Zegfrovy’s PFS efficacy results appeared slightly weaker than those from the Rybrevant cocktail by cross-trial comparison.

In the phase 3 Papillon trial, Rybrevant plus chemo improved PFS by 60% versus chemo alone in this setting. The median PFS was 11.4 months and 6.7 months in the respective arms. 

The J&J regimen’s overall response rate (ORR) reached 67%, with the response lasting a median of 10.1 months, whereas chemotherapy’s 36% ORR came with 5.6 months in median duration of response (DOR).

In Wu-Kong28, ORR was 58.9% for Zegfrovy and 31.1% for chemo, and DOR was 11.2 months and 7.1 months, respectively. 

Previously, Takeda’s Exclaim-2 trial found similar efficacy between Exkivity and platinum-based chemo with the same median PFS, 9.6 months, in each treatment arm at an interim analysis. Even though chemo appeared to have performed better than expected in that study compared with Papillon and Wu-Kong28, its 32% ORR was the weakest of the three regimens and was not materially different from 30% with chemo within the study.

Despite its seemingly weaker PFS, Zegfrovy achieved its efficacy all by itself as a once-daily oral drug, whereas Rybrevant is an injection or infusion that must be combined with toxic chemo and administered by a healthcare professional. 

During his presentation of the Wu-Kong28 results, John Heymach, M.D., chair of thoracic/head and neck medical oncology at MD Anderson Cancer Center, said Zegfrovy offers “the advantage of a single oral agent administration” but also said the J&J regimen “remains an option there for patients.” 

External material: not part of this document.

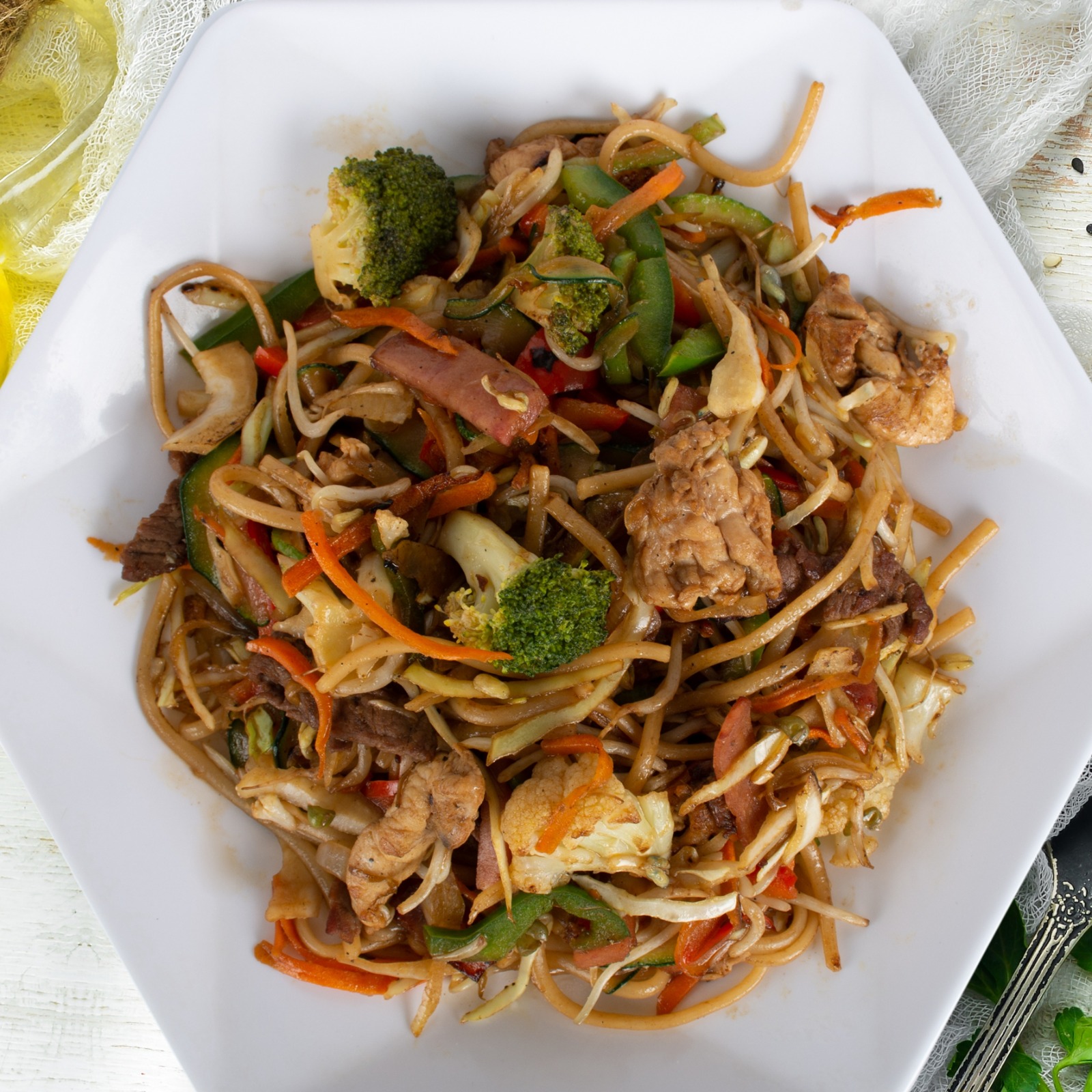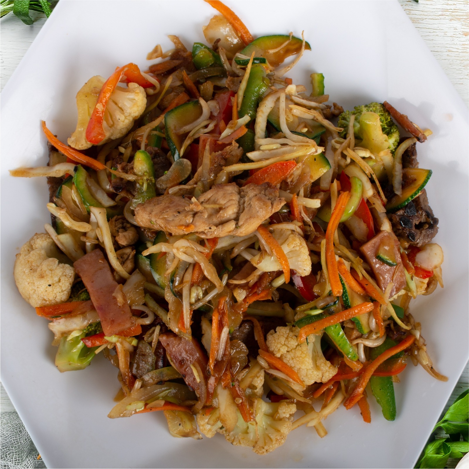 Vegetales saltiados al Wok, trocitos de Carne, Pollo y Jamón.

During an interview with Fierce at ASCO 2024, Dizal's CEO Zhang argued that trying to maximize efficacy with chemo up front in first-line EGFR exon 20 NSCLC may not be a desirable strategy, as adding chemo hurts patients’ quality of life.

Based on Wu-Kong28, Dizal announced Thursday that Chinese regulators have accepted the company’s first-line application under priority review. As for the U.S., Zhang said the company files globally.

For the global market, Dizal is in “late-stage discussion with several partners,” Zhang said. The company hasn’t been able to close a deal because, after Exkivity’s flop, potential partners would rather wait for the Wu-Kong28 readout, he explained. 

Speaking of the characteristics of an ideal partner, Zhang said Dizal is looking for a partner with global reach that marks a strategic fit portfolio-wise, and who has experience marketing a targeted therapy.

To move Zegfrovy into even earlier treatment, Dizal is evaluating the targeted therapy as an adjuvant therapy for stage 1b to 3a EGFR exon 20 NSCLC in the Wu-Kong16 trial in China and is launching the Wu-Kong18 global trial in the same setting. Both studies will also enroll patients with P-loop and αC-helix compression mutations, another subset of uncommon EGFR mutations. 

Meanwhile, the priority for Rybrevant these days is its high-stakes battle with AstraZeneca’s blockbuster tyrosine kinase inhibitor Tagrisso in the much larger market of traditional EGFR-mutated NSCLC. There, Dizal is exploring Zegfrovy’s potential combination with the firm’s fourth-generation EGFR TKI—dubbed DZD6008— in an early-stage, proof-of-concept study coded Tian-Shan8. 

When asked if DZD6008 and Zegfrovy could become a package deal for collaboration, Zhang said, “it depends on the terms.”

As Dizal’s R&D programs expand and its commercial portfolio deepens, the Shanghai-listed company in January filed for double listing on the Hong Kong Stock Exchange. 

Editor's Note: The story was updated 12:20 a.m. ET, June 2, with additional comments from Dizal CEO Xiaolin Zhang, Ph.D., and Wu-Kong28's presenter John Heymach, M.D.